Little tree, in progress

The rest of it seems enormous, but it’s only about a metre square.

Very much still in progress; hand stitch on applied fabric scraps

I’ve added a layer of sheer fabric to some of the patches. This one is simple embroidered tree pictograms on hand-dyed silk organza, and then I’ve layered a piece of painted dotted tulle over the top. It’s impossible to photograph, but in real life the dots create little shadows on the organza beneath.

Painted tulle layered over embroidered silk organza

I always think this multi-layering is one of winter’s best gifts. It’s the season that most brings time to reflect, to look beneath the surface, to embrace the shadows, to see in the dark. To see through the dark too, because it doesn’t last long. It will be spring before we know it, and if you’re on the other side of the world it’s already summer. If that isn’t time travel, I don’t know what is.

Tree in a bird

Every so often our feather duster sheds one of its lovely ostrich plumes.

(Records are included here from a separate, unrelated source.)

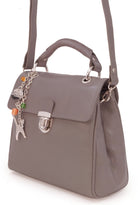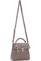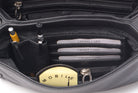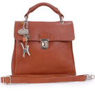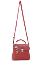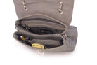 The interior includes multiple compartments and organisational features such as dedicated pockets for pens, credit cards, and a mobile phone. The flap-over closure with a push-lock fastening provides both accessibility and security, while the flat base helps the bag stay upright when placed on a surface. This mid-sized, structured handbag is suitable for everyday use or special occasions.
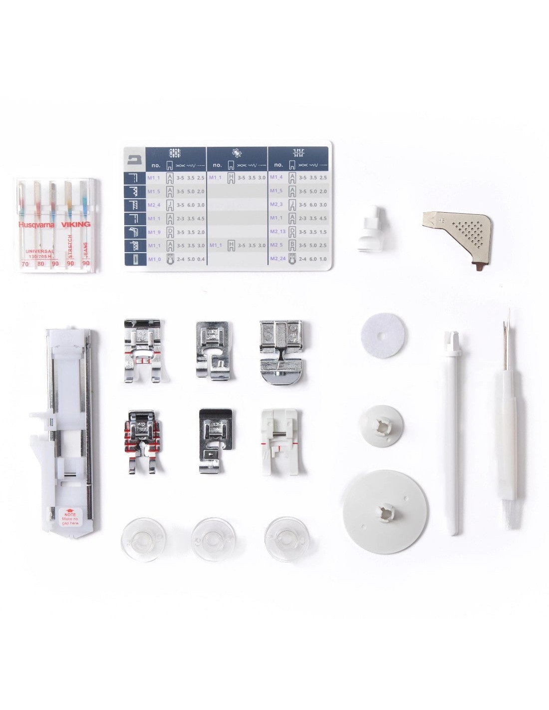 15 needle positions, adjustable thread tension and presser foot pressure, automatic reverse stitch button, mirror stitching, automatic stop, satin stitch extension, LED light, feed-through cancel, and 20 accessories included.
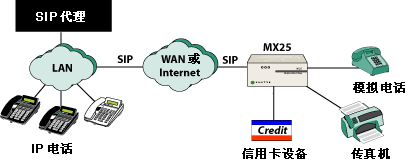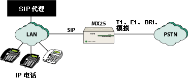 MX25 可以提供模塊化 SIP 網(wǎng)關(guān)的功能,這對于企業(yè)的許多應用程序是很有益的。其撥號計劃實現(xiàn)了多個 SIP 服務(wù)器(內(nèi)部和外部)以及電話電路之間的路由,這使得它幾乎可以在每一個 VoIP 應用程序中工作。
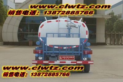 具有前沖后灑、側(cè)噴(更換噴頭后變?yōu)閭?cè)花灑)、后置式工作平臺(tái)(帶踏梯,四周有安全護(hù)欄)、平臺(tái)上設(shè)置有高壓水炮(可360°旋轉(zhuǎn),可調(diào)成柱狀最大射程28米,也可調(diào)成霧狀最大射程14米,可調(diào)成:直沖狀、大雨、中雨、小雨、毛毛雨),整車(chē)灑水寬度大于14米.配備優(yōu)質(zhì)大功率專(zhuān)用灑水泵,取力器,雜物過(guò)濾網(wǎng),國(guó)標(biāo)通用65型消防接口(可通過(guò)消防栓加水)、1套自流球閥系統(tǒng)(可自吸自排,最大吸程6米),2根引水鋼絲膠管(帶陰陽(yáng)快速接頭),配鎖,水位計(jì),作業(yè)高音喇叭.兩側(cè)及后加強(qiáng)型保險(xiǎn)杠,防滑爬梯,膠管儲(chǔ)存筒.
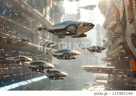 大都市のビルの隙間を飛ぶ複数の空飛ぶクルマ1
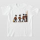 Quatro personagens cartunistas vestidos de roupas riscadas a preto e laranja parecem estar esgueirando, com um segurando um saco. O fundo é uma simples cinza, enfatizando seus movimentos e expressões.
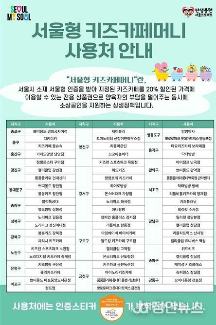 ‘서울형 키즈카페머니’는 서울형 인증기준을 통과한 민간 키즈카페에서 20% 할인된 가격에 이용할 수 있는 전용 상품권이다. 지난해에는 총 41억 원 규모로 발행, 조기 완판됐으며, 총 3만3천여 명에게 할인구매 혜택을 제공했다. 현재 ‘서울형 키즈카페머니’를 사용할 수 있는 키즈카페는 총 62개소다.
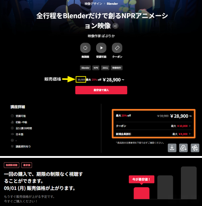 気になる講座は「早めの購入」が鉄則。迷っているうちに1万円以上値上がりすることも!
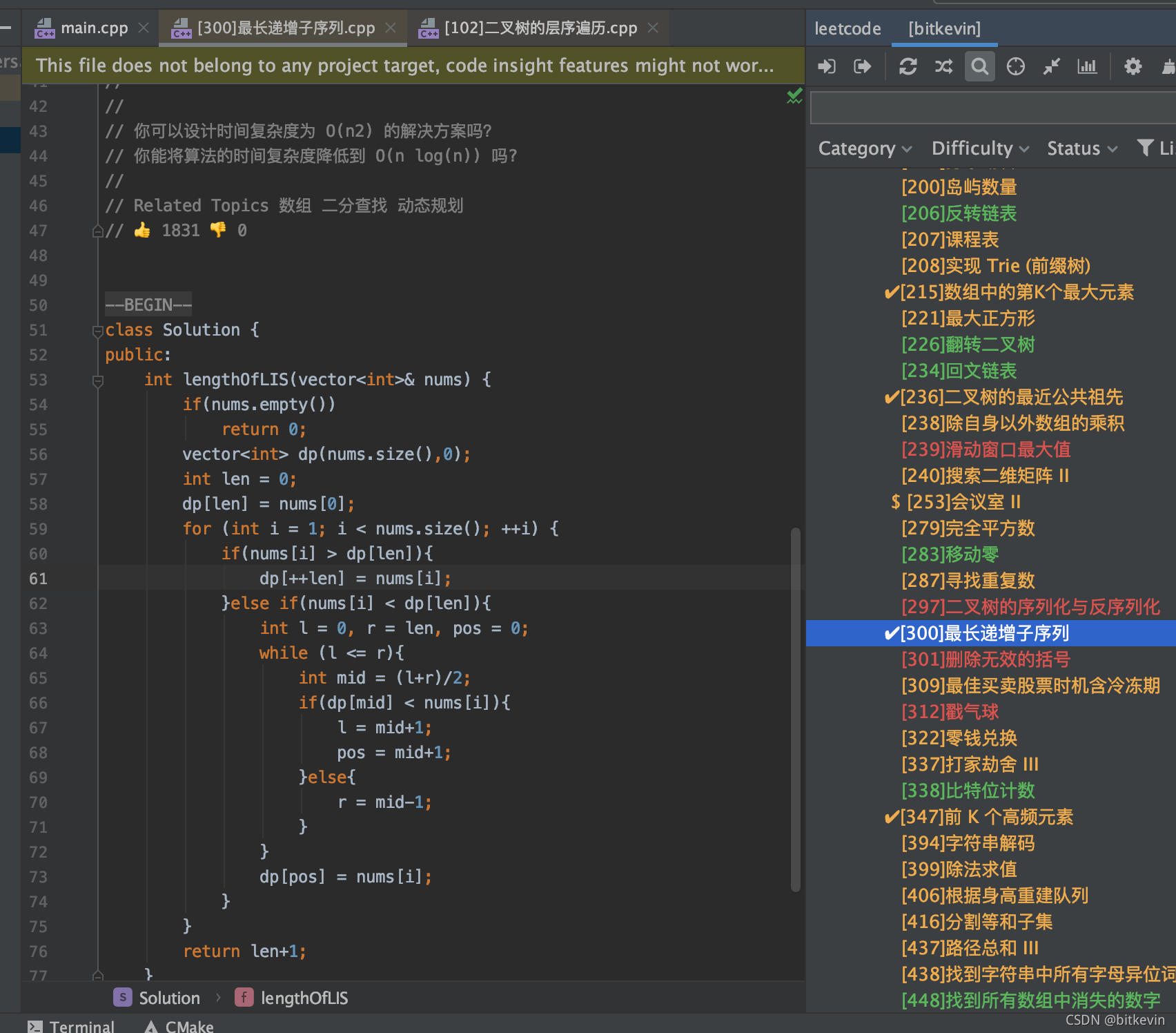 在右侧LeetCode工具栏中选择对应的试题,双击就可以打开试题。上面注释是试题说明,和LeetCode网页相同,除了没有图例。下方代码区编写代码,不过直接在试题文件里编写代码也是没有语法检查和调试功能的,我一般都是复制函数体,然后在自己的工程文件中编写调试的。
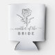 Simple, elegant, minimal, black and white Mother of the Bride Wedding favor can cooler with modern script and unique rose flower drawing.
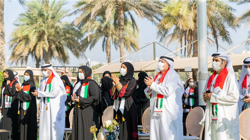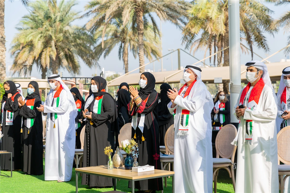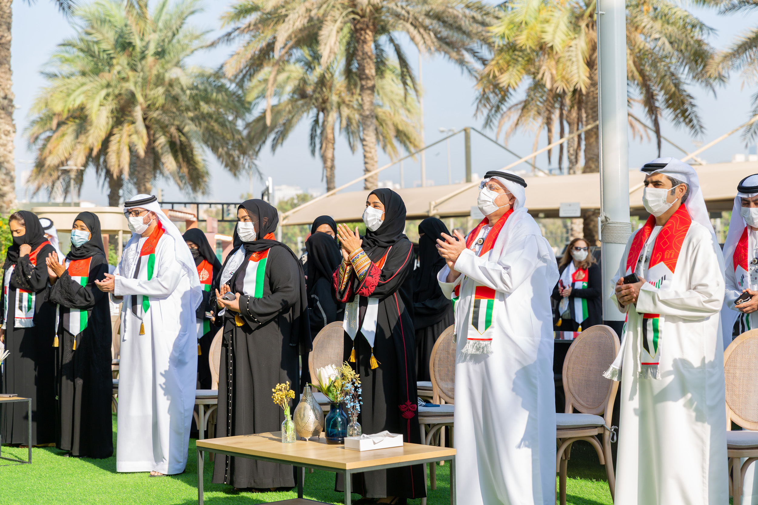 This ceremony which was held in the joint courtyard of the two ministries in Dubai began with the National Anthem played on the violin by “Khawla Saeed Al Raihi”, a student in Zayed University. The ceremony conveyed and reflected national patriotism, loyalty and belonging to the nation and leadership; the national occasion is consolidated in the hearts of the UAE citizens and residents alike.
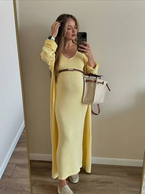 Beaumama robe longue gilets en maille grossesse élégant costume deux pièces crochet tricot femme enceinte
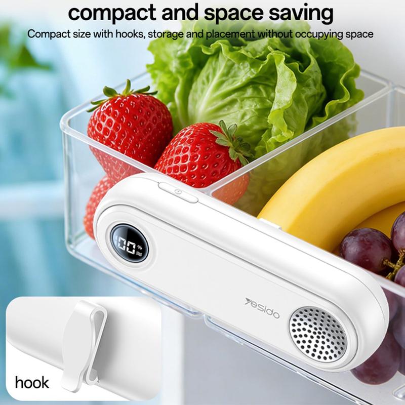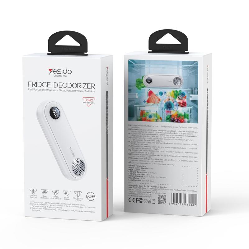 Yesido EC33 multifunktionel køleskabsdeodorant - genopladelig lugtfjerner og sterilisator med digitalt display, 3 indstillinger, USB-C-opladning
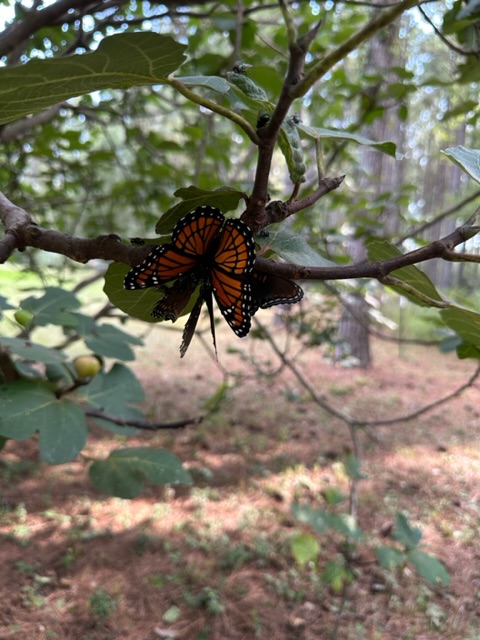 Monarchs and Black Swallowtails feast on the last remnants of the withered figs.

Every home should have one

I’m currently working on the traveller’s blanket and thought, like a womble, waste not want not and all that. A quick trim of the feather and it kind of looks a bit tree-ish doesn’t it?

Trimmed ostrich feather

In ordinary circumstances of course an ostrich is going to need a lot of help if it’s got any hope of getting into a tree, but here in my creative little world where (nearly) all things are possible, here we are:

Ostrich feather tree

Just adding to the story collection really.

Leaves worked with silk and cotton hand-dyed threads on hand-dyed cotton lawn

Doesn’t it just make your heart sing when something like this happens?

Ostrich feather tree with seed-stitched falling leaves

Just looking

The definition of good morning: a cup of hot black coffee, a cloth in progress, and a little collection of fabrics ready for their auditions.

Traveller’s blanket in progress

These are non-competitive auditions because they will all win in the end. I really like just looking at fabrics – although it’s never just looking, is it, because I have to pick them all up and touch them as well. It’s just seeing with hands, I suppose.

Fabrics that say Winter

The Traveller’s Blanket is turning into a short story collection. I’ve found it quite challenging to adopt someone else’s technique while making it look like my own work. Dijanne makes these cloths so beautifully and I didn’t want to produce an imitation. I imagine it’s a bit like doing a cover version of a very well-known song.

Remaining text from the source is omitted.